My Aryanpour lexicon also has شاید = perhaps. 

This is how these terms are used in Urdu too.

Yes, this is true and we of course use the Persian pronunciation in Urdu and this we've done in a recent thread!


----------



## marrish

In post 9 I gave one example for _magar_ as 'except', now I found one as an example of 'perhaps':

_اس بے درد شوہر نے میرے مگر اس کو گھر کے دروازے پر دیکھا۔
is be-dard shauhar ne mere magar us ko ghar ke darwaaze par dekhaa.

_"This feelingless husband of mine perhaps saw him at the door of the house."
_(Platts' grammar 1874 p.389)_​


----------



## Qureshpor

^ Thank you, for the example above. (I had a bit of trouble getting my head round this sentence because I was reading it "mere magar", which my Punjabi brain was converting to "mere piichhe"!). Then I thought of changing the word order to suit my thought process.

"is mere be-dard shauhar ne magar, us ko ghar ke darvaaze par dekhaa." 
I still think in this Ghalib shi3r "magar" implies "perhaps".

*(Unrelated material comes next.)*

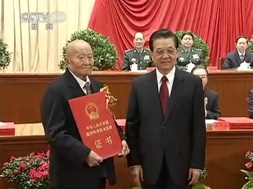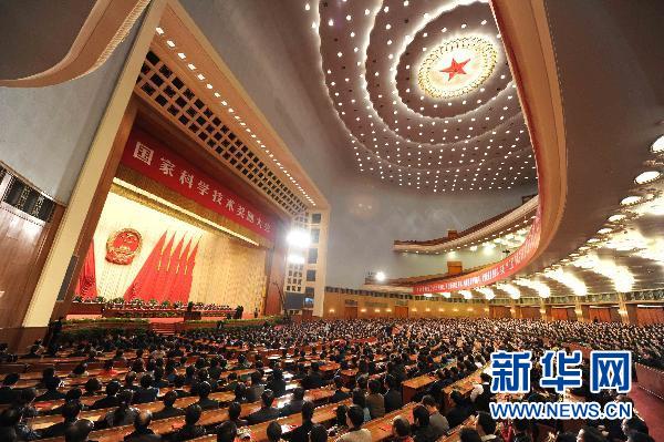 中共中央、国务院14日上午在北京隆重举行国家科学技术奖励大会。党和国家领导人胡锦涛、温家宝、李长春、习近平、李克强出席大会并为获奖代表颁奖。温家宝代表党中央、国务院在大会上讲话。李克强主持大会。

​phir tire kuuche ko jaataa hai xayaal
dil-i-gum-gashtah magar yaad aayaa


----------



## marrish

You're welcome. I can understand that the position of mere in this sentence can bring about a comic effect to a multilingual mind 
Since I haven't commented on ''_magar_'' in this Ghalib couplet, let me do it now, for whatever it is worth.

The first hemistich employs the subject _xayaal_ and the predicate is _jaataa hae _while the second one _dil-e-gum-gashtah_ and _yaad aayaa_ respectively.

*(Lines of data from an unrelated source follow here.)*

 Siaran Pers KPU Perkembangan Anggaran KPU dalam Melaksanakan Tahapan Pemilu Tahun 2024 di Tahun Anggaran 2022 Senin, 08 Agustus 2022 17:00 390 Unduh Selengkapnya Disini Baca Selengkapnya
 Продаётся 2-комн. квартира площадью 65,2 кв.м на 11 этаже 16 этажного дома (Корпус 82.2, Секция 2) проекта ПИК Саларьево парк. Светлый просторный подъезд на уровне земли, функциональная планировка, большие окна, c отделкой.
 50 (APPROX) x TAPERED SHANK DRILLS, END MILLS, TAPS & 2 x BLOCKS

_jaataa hae_ is ind. pres. simple; _yaad_ _aayaa_ is ind. past simple.

Hence, I'm tended to understand the whole not as a conditional formation but as a statement thoroughly in the indicative mode and accordingly to this precept ascribe the appropriate sense to ''_magar_'':

1) Once again my thought goes towards your lane
(It's) perhaps (because) I remembered my heart that went missing there

If one went along with post #10, it would be:

2) My thought would go towards your lane again
Except for the fact that I recalled my heart that went missing there.

3) Otherwise, 'my thought goes towards your lane again
but I recalled my heart that went missing there' - keeping up with the indicative.

Now, what do the last two interpretations imply is not obvious: had my heart not been lost there my thought would have gone to the lane where you live is not my favourite as it does not create any idea (but please correct me).

3) thought goes there but as if it stopped on the way because of the reminiscence of the lost heart. - plausible but again, it does not impart anything special, apart from the shift of attention from ''your lane'' to ''my heart'', however even if one agrees with it, it will be only a superficial statement since 'heart' has been lost because of the beloved so the two are connected.

Anyway, the poet appears to be stating that his mind drifts towards 'your lane' again and in the second hemistich offers a justification as to why it happens again: because he recalled that his heart went missing and that *may be* the reason that his thought arrives at 'your lane' while tracing the whereabouts of 'heart which has gone missing'.

In other words, thinking of the beloved is perhaps caused by recalling one's own heart which went missing/got forgotten. I feel that I wasted to many words for it.


----------